In February 2015, Nosler announced plans to expand their long-standing operations in Bend, Oregon to their neighboring city of Redmond, where the company purchased 60 acres of undeveloped land in December 2014. Construction of a 30,000 sq. ft. building is planned for completion in 2016 and will house Nosler's growing ammunition and cartridge brass operations, including the manufacturing of their SSA by Nosler product line based on the company's acquisition of Silver State Armory in 2013. The expansion is expected to add approximately 20 jobs in Central Oregon and will allow the original Bend plant to focus exclusively on bullet production.

==Company developments==
In 2006 Nosler announced its very first rifle offering, the Model 48 Trophy Grade.
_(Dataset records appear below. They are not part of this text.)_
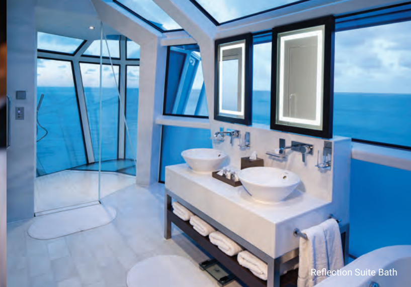
Reflection Suite Bath
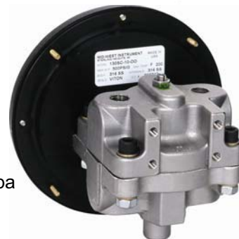
Shown with S.S. Cast Body
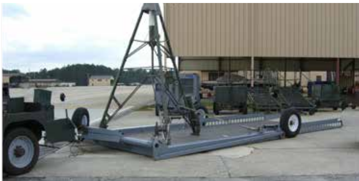
Secure Payloads - Integrated Tie-Down Rails, Plus 6 "D" Rings.
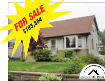
3971 Quincy St. NE Hotline #45486
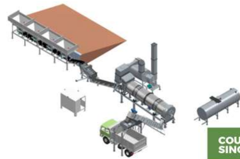
COUNTERFLOW SINGLE DRUM

world class equipments with globally sourced components
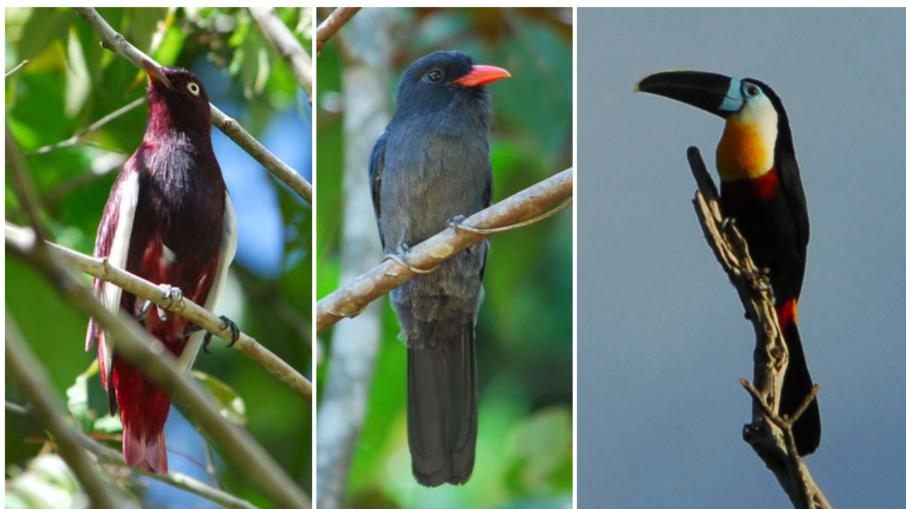
Pompadour Cotinga; Black Nunbird; Channel-billed Toucan
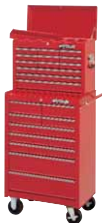
WI-1210 12-Drawer Chest 26.1" W x 12.08" D x 19.76" H Capacity: 4,327 cu. in. Unit Weight: 63 lbs.
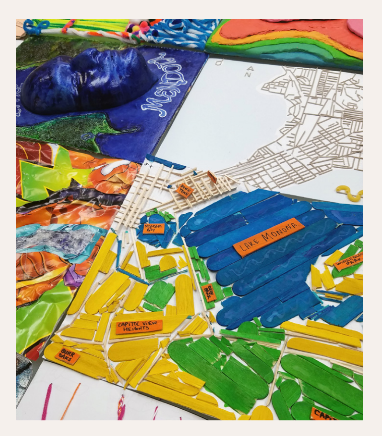
Figure 8. Detail images of Madison and Vicinity.

process before jumping to digital technology led to less frustration and more experimentation in the subsequent Mapbox Studio lab assignment. Overall, students were more willing to lean into the styling constraints of OSM data and ultimately produced extremely creative designs. We also believe that the tangible map quilt activity led to better comprehension of lecture discussion regarding aesthetics and style on the final exam (a hint to future students finding this article: the final exam now includes an
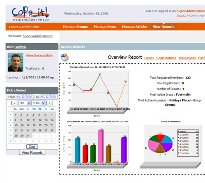
Figure 2: Overview statistical report
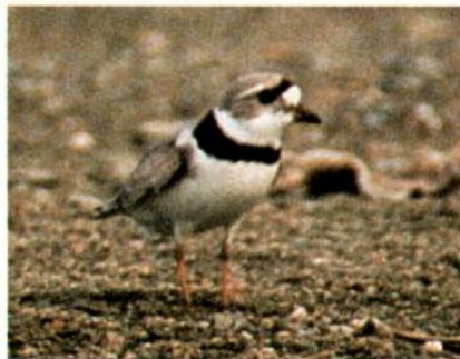
This Piping Plover at Presque Isle State Park, Pennsylvania, during May 1992, appeared to be on territory; the species had not nested in this area since the 1950s.
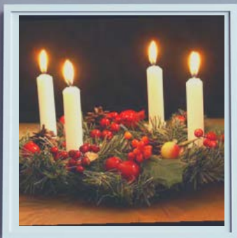
Make an Advent Wreath
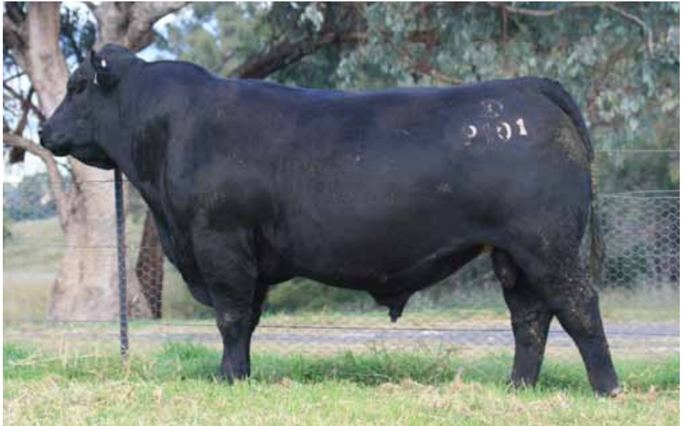
LOT 40 CASCADE MORGAN P101PV
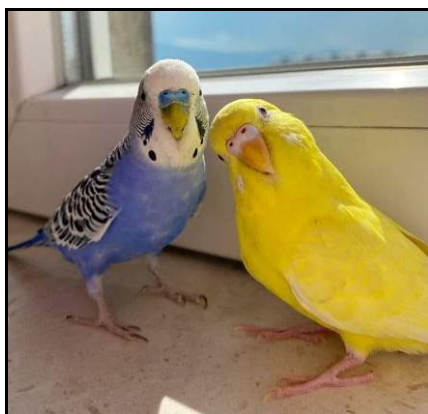
Lots of Different Budgies are Available for Adoption

Rehoming fees and adoption policy process apply.
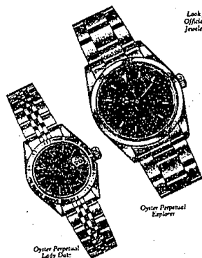
Look for our Official Rolex Jeweler Sign.
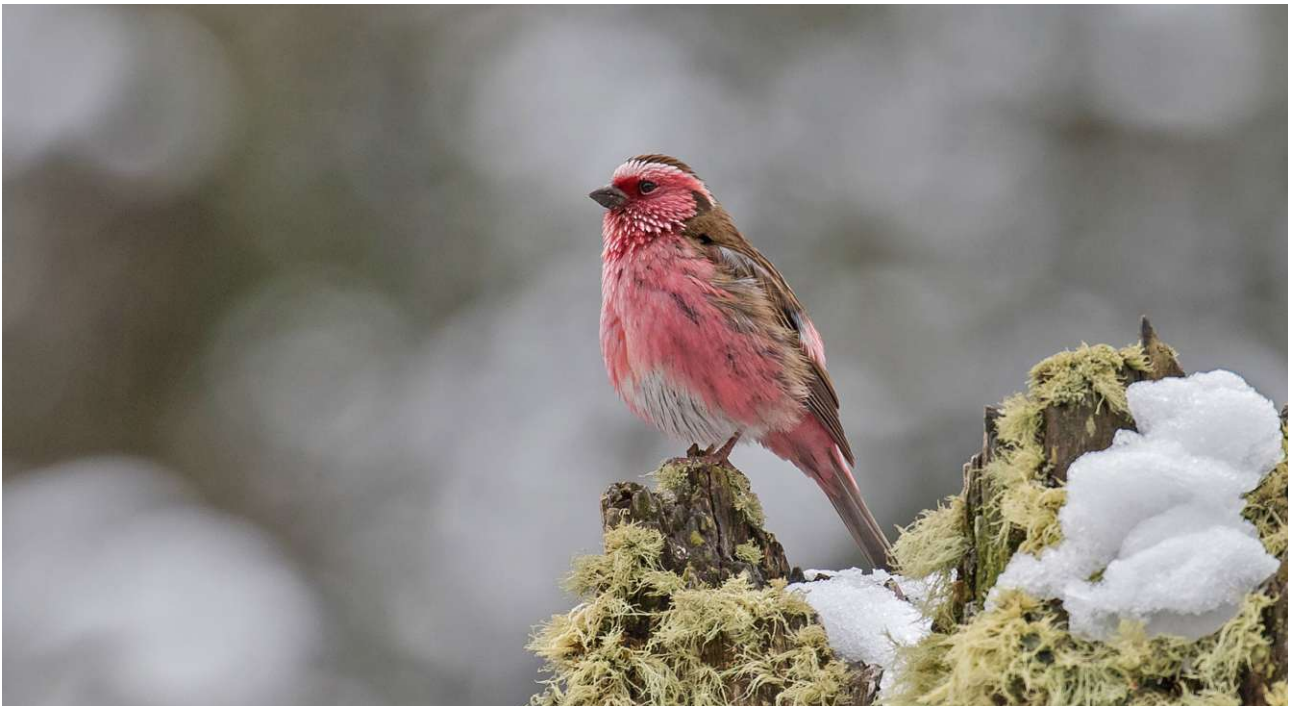
Chinese White-browed Rosefinch - a common but attractive species.

The following day and a half was spent exploring the lower slopes of Erlangshan. Here, abundant Spotted Nutcrackers seemed to be everywhere, and several Lady Amherst's Pheasants plodded along the roadside like skinny chickens! Our first real stop almost immediately yielded one of our targets as smart Sharpe's Rosefinches showed very well alongside numerous Vinaceous Rosefinches and a singing Chinese Babax. A little lower and a tell-tale song alerted us to our next target. An orange throat glowed in the undergrowth, and we stood in awe as a gorgeous male Firethroat enthralled us all. Giant Laughingthrushes entertained at the same spot and a little lower we found another male Firethroat, several Yellow-throated Buntings, Chestnut-flanked White-eyes, a flock of Black-browed Bushtits and a surprise in the form of a Black-bibbed Tit, a rarely recorded species in Sichuan. We were also pleased to see more Rufous-tailed Babblers and a male White-tailed Robin. In an area of wetter forest, we were delighted to find an obliging Chinese Wren-Babbler, a species that can be tough to see well, as well as Himalayan Cuckoo, delightful Little Forktails and showy Emei Leaf Warblers.

Nosler announced the company's first proprietary cartridge, the 26 Nosler, as the world's most powerful 6.5mm cartridge commercially available during SHOT Show in January 2014. In January 2015, Nosler introduced the company's second cartridge, the 28 Nosler, a 7mm rifle cartridge based on the 26 Nosler case. Since their release, the 26 Nosler and 28 Nosler have been known for high muzzle velocities and extremely flat trajectories. The parent case for both cartridges is based on the .300 Remington Ultra Magnum case.

In October 2014, Nosler introduced Ballistic Tip Ammunition as the latest product offering in their factory loaded ammunition. The ammunition is loaded exclusively with Nosler's line of Ballistic Tip hunting bullets, a polymer-tipped projectile made popular by the company when introduced in 1984 as a premium choice for hunting medium-sized game such as deer, antelope and wild hogs. The Ballistic Tip Ammunition line pairs the performance of the Ballistic Tip projectile with Nosler's own component brass.

Late 2014 Nosler revamped the Model 48 line. It did away with the Trophy Grade Rifle and replaced it with the Patriot Rifle. The new rifle has a Basix trigger and Bell and Carlson stock. For the most accuracy out of the Patriot, Nosler incorporated an aluminum bedding chassis into the aramid-fiber reinforced carbon fiber stock, and the barrel is free-floated. The stock is a hand laid-up laminate that is elephant gray with black epoxy webbed over the surface. Which means it's never going to warp or crack. The comb is straight with a pancake cheekpiece and a thick, solid pistol grip. The Patriot rifle chambered in .26 Nosler should be an effective hunting combination from the mountains to the prairies.

Early 2016 Nosler introduced its third cartridge the .30 Nosler.

October 2016 Nosler introduces a new line of Competition / Target Bullets - RDF Bullets

October 2016 Nosler introduces the .33 Nosler

January 2017 Nosler introduced the .22 Nosler.